What I've always done for our spear shack is to cut 4 holes, for each side of the square. So 4 x 4 x 4 x4. and one last hole right in the middle. take one of those longer ice saws to cut the remainder of the ice holding your square together. After cutting you are left with a floating square. We then attached and steel pipe to the end of a wench (we used a 4-wheeler). Slide the pipe thru the middle hole which would come out the other side and put the wheeler in reverse thus pulling the ice chunk out.

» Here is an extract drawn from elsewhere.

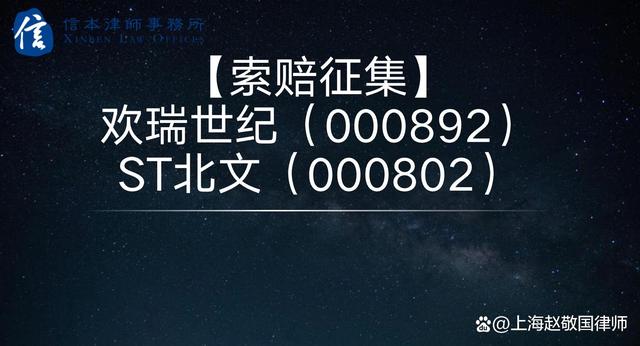 信本证券维权团队提醒,ST北文同样面临大批投资者索赔。ST北文于2020年12月31日收到中国证监会《调查通知书》(编号:京调查字 20164号),因公司涉嫌信息披露违法违规,根据《中华人民共和国证券法》的有关规定,决定对公司立案调查。2021年11月2日,公司收到北京证监局出具的《行政处罚决定书》(【2021】10号)及《市场禁入决定书》(【2021】1号),北京证监局认定世纪伙伴公司虚假转让《大宋宫词》《倩女幽魂》投资份额收益权,导致北京文化在 2018 年年度报告中虚增收入合计 46,037.74万元,占当期营业收入(追溯调整前)比例为38.20%,虚增净利润19,108.02万元,占当期净利润(追溯调整前)比例为58.94%。北京文化2018年年度报告存在虚假记载。上海市信本律师事务所赵敬国律师认为,于2019年3月22日-2020年4月28日期间买入,无论在2020年4月29日后是否卖出的投资者,可发起索赔。

Hope this made some sense..


----------



## MOB (Mar 10, 2005)

I think sodsucker was implying that he used an older chainsaw with a manual chain oiler. He said not to oil the chain or it would mess up your hole. The water would be enough lube for cutting ice.


----------



## SODSUCKER (Mar 24, 2005)

Yes it was a older chain saw that you had to pump the oil onto the chain. Brings back alot of fine memories. Ther is nothing better than seeing a big pike slam your decoy and then float back in for a very brief second, making that perfect throw where you hit them at just the right spot were it freezes them, until you throw them out the door and they go nuts. Better than any kind of drug.


----------



## pointer_guy (Jan 8, 2007)

Thanks for the info.


----------



## maanjus11 (Nov 17, 2006)

What I always do is mark your hole out with a chisel, use the auger to cut one hole in a corner and then use a nice sharp ice saw to follow your chisel line. You'll be surprised on how easy it is to turn a 90 with it, and how fast you can cut your hole. You still might get a little winded however. Once that is completed take your chisel to break up the ice chunk in two, I then use an old pair of old logging tongs to pull the ice up. Personally I don't like to push the ice under because I've always been taught that fish possibly can see it, and you can't always push it away from the house very far, but that's just my opinion. Once I have the ice out, I then break it up more so snowmobiles, etc. don't hit it. As far as chainsaws go, I don't like to use them because of the fact that some oil is always left over and when you first spear out of the hole you can see the oil film. Good luck.


----------



## SODSUCKER (Mar 24, 2005)

maanjus is right. The chainsaw that we used never saw oil. We learned that the hard way, once it is used with oil it never is free from it and you will always have the oil film to deal with. Plus it sure kicks out a rooster tail of water when you finally reach it.


----------



## jchoops13 (May 17, 2007)

I've always been told not to use a chainsaw, because it makes the edges of your hole smooth and shiny, and the fish can see that. I just use a nice sharp auger and cut the the hole 4 holes wide by 3 holes tall, and then ur left with a small rectangular piece of ice in the middle. Pull that chunk of ice out with a pair of logging tongs so you can put it back in the hole when ur done (to protect snowmobilers). Once you got the chunk out use a chisel to chip off any sharp edges. Good Luck


----------